INFORMATION SUPPLIED —
=== Begin Enclosure ===

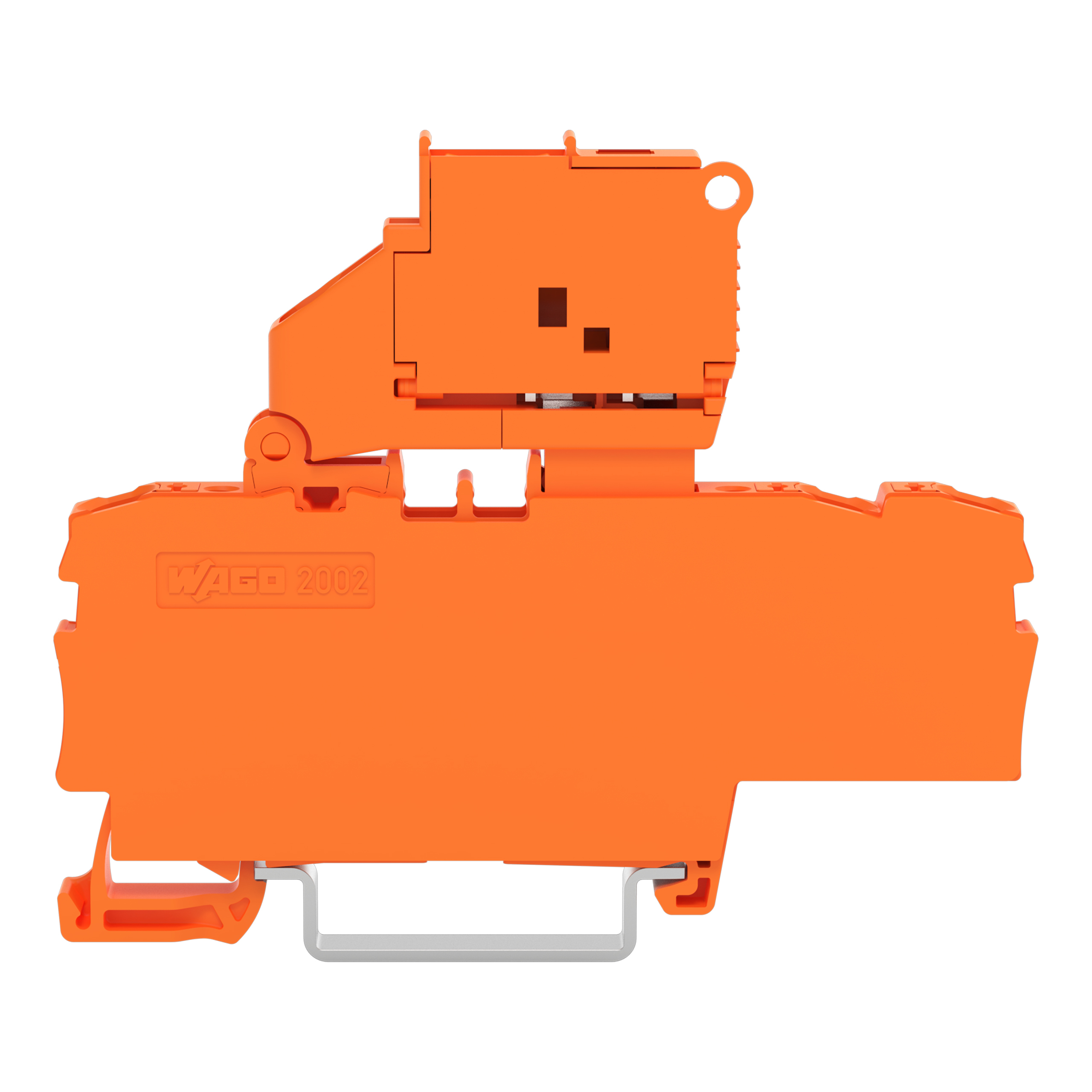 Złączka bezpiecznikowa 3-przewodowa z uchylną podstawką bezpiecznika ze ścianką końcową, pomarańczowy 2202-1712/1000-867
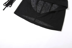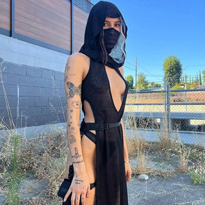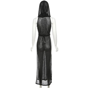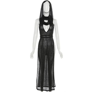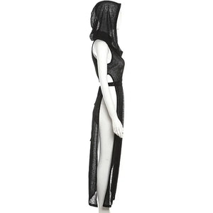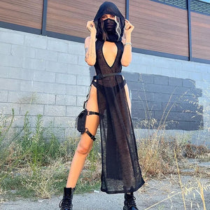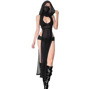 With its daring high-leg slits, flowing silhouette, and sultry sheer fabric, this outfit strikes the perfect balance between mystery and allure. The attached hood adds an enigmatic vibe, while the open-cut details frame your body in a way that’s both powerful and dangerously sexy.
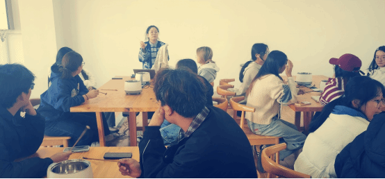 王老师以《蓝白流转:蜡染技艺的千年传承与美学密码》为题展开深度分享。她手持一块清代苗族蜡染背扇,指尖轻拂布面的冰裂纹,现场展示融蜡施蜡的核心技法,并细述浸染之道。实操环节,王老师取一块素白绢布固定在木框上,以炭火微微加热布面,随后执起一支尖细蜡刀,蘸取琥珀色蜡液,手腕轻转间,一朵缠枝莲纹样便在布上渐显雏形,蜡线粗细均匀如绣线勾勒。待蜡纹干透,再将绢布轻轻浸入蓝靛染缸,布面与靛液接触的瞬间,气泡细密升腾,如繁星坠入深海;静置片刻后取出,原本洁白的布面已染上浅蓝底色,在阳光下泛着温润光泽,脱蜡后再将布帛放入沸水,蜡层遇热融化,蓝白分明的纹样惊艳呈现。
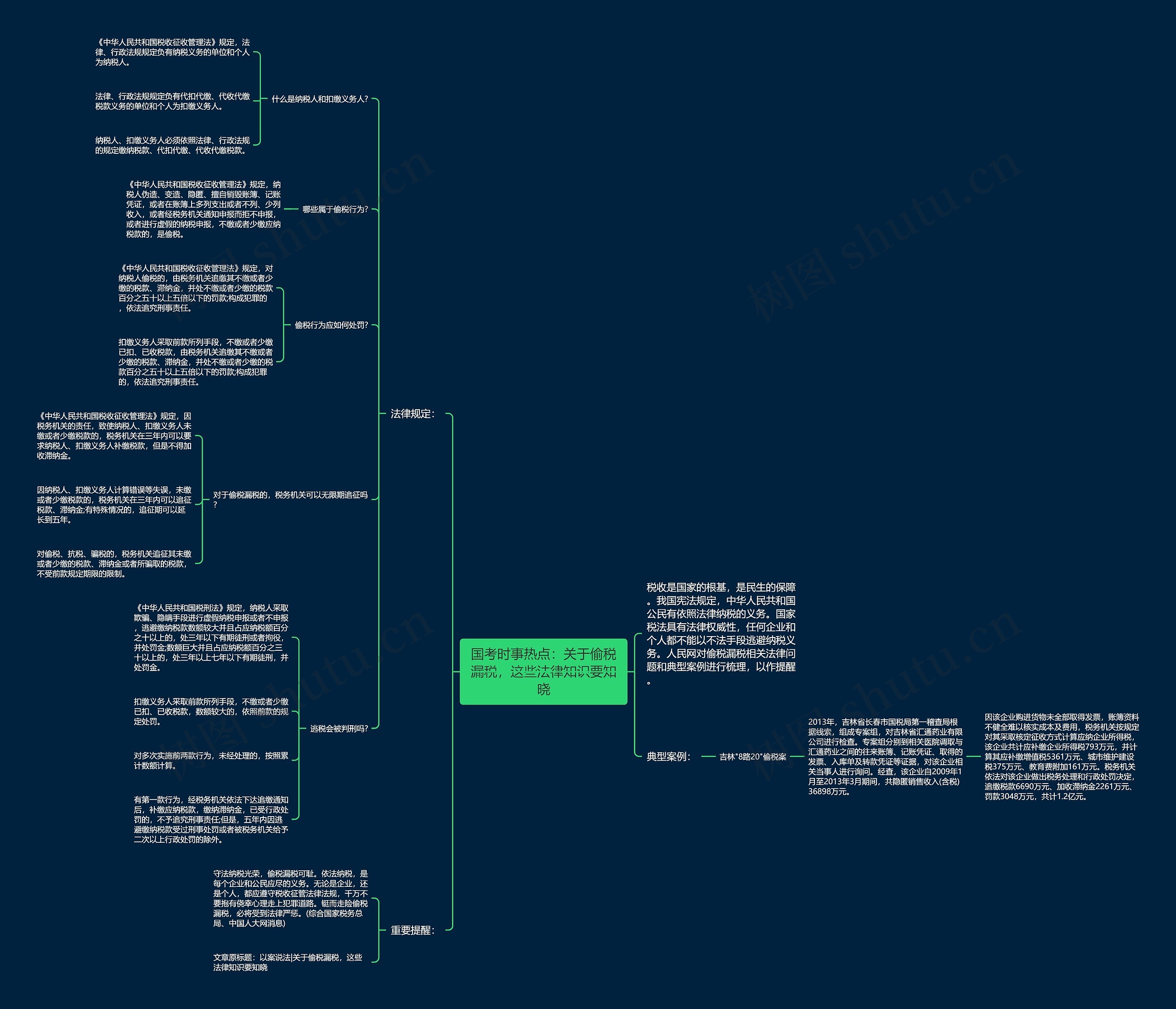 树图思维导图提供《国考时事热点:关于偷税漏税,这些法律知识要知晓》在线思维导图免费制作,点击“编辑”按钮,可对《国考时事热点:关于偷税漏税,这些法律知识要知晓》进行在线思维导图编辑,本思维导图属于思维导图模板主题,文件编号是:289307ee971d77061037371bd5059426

=== End Enclosure ===

YOUR INSTRUCTIONS — Pictures stay out of this copy. Retype exactly the lines from the one with "王老师以《蓝白流转:蜡染技艺" through the last line of the data, both ends included, and nothing more.

REPLY —
 王老师以《蓝白流转:蜡染技艺的千年传承与美学密码》为题展开深度分享。她手持一块清代苗族蜡染背扇,指尖轻拂布面的冰裂纹,现场展示融蜡施蜡的核心技法,并细述浸染之道。实操环节,王老师取一块素白绢布固定在木框上,以炭火微微加热布面,随后执起一支尖细蜡刀,蘸取琥珀色蜡液,手腕轻转间,一朵缠枝莲纹样便在布上渐显雏形,蜡线粗细均匀如绣线勾勒。待蜡纹干透,再将绢布轻轻浸入蓝靛染缸,布面与靛液接触的瞬间,气泡细密升腾,如繁星坠入深海;静置片刻后取出,原本洁白的布面已染上浅蓝底色,在阳光下泛着温润光泽,脱蜡后再将布帛放入沸水,蜡层遇热融化,蓝白分明的纹样惊艳呈现。
 树图思维导图提供《国考时事热点:关于偷税漏税,这些法律知识要知晓》在线思维导图免费制作,点击“编辑”按钮,可对《国考时事热点:关于偷税漏税,这些法律知识要知晓》进行在线思维导图编辑,本思维导图属于思维导图模板主题,文件编号是:289307ee971d77061037371bd5059426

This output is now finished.